Saturday 17 June 2017

The winner is...Nobody

In what is shaping up to be an eventful week for other more tragic reasons, I'm getting around to typing out my thoughts on the General Bore of 2017 and  where that leaves us which isn't exactly being helped by the time taken by those directly involved to actually forge agreements to settle it.
There are as I think I mentioned last time 650 divisions known as constituencies and for any one party to gain a majority in the House of Commons you need 326 or more and the problem with the outcome is...no one party has it!
Take Theresa May's Conservative and Unionist Party for instance and you'll see they got just 318 which make them the largest single party and yet they cannot do it by themselves.
Then there is Jeremy Corbyn's Labour Party which did better in a late surge with 262 votes and the Liberal Democrats with 12 which in both parties is an improvement on the 2015 result.
Scotland's Scottish standing only Scottish National Party won 35 out of 57 Scottish constituencies which was a 21 seat drop on 2015 and Northern Ireland's Democratic Unionist Party got 10
Let's quickly do some math here as Labour saying they were ready to form an alternative 'progressive' government and add 262 labour votes to 12 liberal democrats we have 274 seats plus the SNP's 35 we get 309 plus 4 Plaid Cymru votes equals...313.
Thus put plainly the math doesn't stack up for that argument.
To me in truth nobody won this election.
The two main Great Britain wide parties did not carry the trust needed by the electorate even if Ruth Davison run a really successful campaign for the Scottish Conservatives and Jeremy Corbyn's Labour  team did connect to a lot of young voters who amongst a good number of people are fed up with 'austerity', funding crisis in health, social care, education, declining 'working class' pay relative to expenditure and issues of both housing supply and unaffordable mortgages and rents.
In Scotland it was clear many Scottish voters were more concerned about similar issues such as educational standards that they wanted their representatives to be more engaged with than the second referendum on independence the SNP were pushing since last Junes Brexit result (Indyref2).
Brexit is in a way few of us on the leave side anticipated at the core of this problem with Labour and Conservative remainers voting for remain candidates in constituencies such as Warwick and mainly Labour leave people voting Conservative as in Walsall North and Stoke on Trent South.
It was also an election where rather than in that referendum we voted for parties despite concerns, I know I voted for who I did with concerns over social welfare issues and others voted the way they did even if financial literacy and clear signs of exactly where the money was to be found were lacking.

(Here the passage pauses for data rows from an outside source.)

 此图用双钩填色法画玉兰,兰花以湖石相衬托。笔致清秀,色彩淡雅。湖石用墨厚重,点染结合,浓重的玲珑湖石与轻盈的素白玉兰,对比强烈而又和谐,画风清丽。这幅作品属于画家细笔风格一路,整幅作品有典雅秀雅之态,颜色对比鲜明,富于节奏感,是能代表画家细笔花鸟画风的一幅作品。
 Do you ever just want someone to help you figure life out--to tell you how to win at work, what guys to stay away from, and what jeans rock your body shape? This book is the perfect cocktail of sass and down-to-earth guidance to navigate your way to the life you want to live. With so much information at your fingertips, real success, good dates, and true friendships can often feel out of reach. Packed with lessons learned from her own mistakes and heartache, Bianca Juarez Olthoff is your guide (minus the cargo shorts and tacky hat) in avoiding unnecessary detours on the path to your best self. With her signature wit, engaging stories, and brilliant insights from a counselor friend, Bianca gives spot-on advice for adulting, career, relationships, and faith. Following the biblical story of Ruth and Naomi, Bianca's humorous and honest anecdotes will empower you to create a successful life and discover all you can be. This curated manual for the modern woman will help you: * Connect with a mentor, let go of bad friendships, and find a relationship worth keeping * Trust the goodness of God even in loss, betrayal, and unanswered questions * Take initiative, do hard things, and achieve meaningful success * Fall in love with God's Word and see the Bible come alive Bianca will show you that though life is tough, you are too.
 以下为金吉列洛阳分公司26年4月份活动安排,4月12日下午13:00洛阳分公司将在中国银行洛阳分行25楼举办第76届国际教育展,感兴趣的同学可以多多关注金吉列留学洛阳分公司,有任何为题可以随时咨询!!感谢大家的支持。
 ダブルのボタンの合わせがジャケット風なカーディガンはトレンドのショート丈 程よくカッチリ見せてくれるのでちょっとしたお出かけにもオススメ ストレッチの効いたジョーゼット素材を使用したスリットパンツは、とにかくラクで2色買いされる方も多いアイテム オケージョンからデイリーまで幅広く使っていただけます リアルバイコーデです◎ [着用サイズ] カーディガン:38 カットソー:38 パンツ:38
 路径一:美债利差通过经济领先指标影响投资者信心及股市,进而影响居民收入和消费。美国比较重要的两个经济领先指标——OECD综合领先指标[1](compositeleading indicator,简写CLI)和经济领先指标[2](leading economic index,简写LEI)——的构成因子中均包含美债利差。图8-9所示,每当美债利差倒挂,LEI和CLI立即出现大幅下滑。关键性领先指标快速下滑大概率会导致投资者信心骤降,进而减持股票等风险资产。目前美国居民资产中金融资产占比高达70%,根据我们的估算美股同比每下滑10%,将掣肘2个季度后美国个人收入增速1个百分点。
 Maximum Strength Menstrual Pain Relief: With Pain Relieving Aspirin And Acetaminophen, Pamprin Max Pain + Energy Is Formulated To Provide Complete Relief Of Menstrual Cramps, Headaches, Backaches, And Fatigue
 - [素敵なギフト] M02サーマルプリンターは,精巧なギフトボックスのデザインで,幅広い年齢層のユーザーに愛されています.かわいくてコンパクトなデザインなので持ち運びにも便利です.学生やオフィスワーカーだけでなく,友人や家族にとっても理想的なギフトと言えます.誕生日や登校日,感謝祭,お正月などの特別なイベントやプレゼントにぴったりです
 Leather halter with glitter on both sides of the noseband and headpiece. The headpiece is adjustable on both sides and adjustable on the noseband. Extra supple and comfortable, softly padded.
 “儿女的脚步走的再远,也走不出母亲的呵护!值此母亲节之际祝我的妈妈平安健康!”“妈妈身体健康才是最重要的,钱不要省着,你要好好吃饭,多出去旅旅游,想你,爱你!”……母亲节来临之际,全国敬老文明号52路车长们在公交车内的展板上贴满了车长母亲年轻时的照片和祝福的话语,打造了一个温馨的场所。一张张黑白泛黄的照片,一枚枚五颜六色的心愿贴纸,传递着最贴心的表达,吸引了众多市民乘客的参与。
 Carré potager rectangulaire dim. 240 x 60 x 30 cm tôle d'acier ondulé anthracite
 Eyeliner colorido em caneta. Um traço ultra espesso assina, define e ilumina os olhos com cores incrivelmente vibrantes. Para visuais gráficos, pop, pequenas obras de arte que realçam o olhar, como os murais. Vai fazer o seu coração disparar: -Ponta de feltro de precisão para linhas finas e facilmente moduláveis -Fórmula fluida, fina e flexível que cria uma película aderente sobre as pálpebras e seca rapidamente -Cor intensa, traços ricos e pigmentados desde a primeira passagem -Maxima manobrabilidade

And that Brexit clock as we were reminded over the weekend last is ticking.
Other consequences included the standing down of Ukip leader Paul Nuttall and Wednesday decision for Tim Farron, leader of the Liberal Democrats who cited the constant attention on his own personal religious beliefs by some lesbian and gay activists even though his voting record clearly supported their rights. I have some sympathy for this as some liberals seem to be...ill-liberal both in terms of denying the space for opposing views and even accepting of while disagreeing personally, the need to allow others the space to be themselves and so backing legislation.
At the moment there is an attempt to put together an agreement by the Conservatives and the DUP so a Queen's speech (a summary of the parliamentary program put forward by Her Majesties Government) can be passed and major legislation not least relating to Brexit can be passed without a formal coalition which we had for the 2010-15 Parliament.
This is possible but has its own risks not least in resolving the deadlock at the Northern Irish Assembly a part of the devolution outside of England enacted from 1995 onward in our system of Government between the DUP and   Sinn Féin, the Nationalist, Republican party whose links to terrorism at the highest levels are hotly contested.
Neither side trust each other much and in trying to resolve this, any UK Government as former prime minister Major said on Monday risks  being seen more as a Unionist stitch up than an impartial advisor with thepossibility if it fails of Northern Ireland being run directly from London, something that would have a major impact on cross-community and Irish and UK Government relations.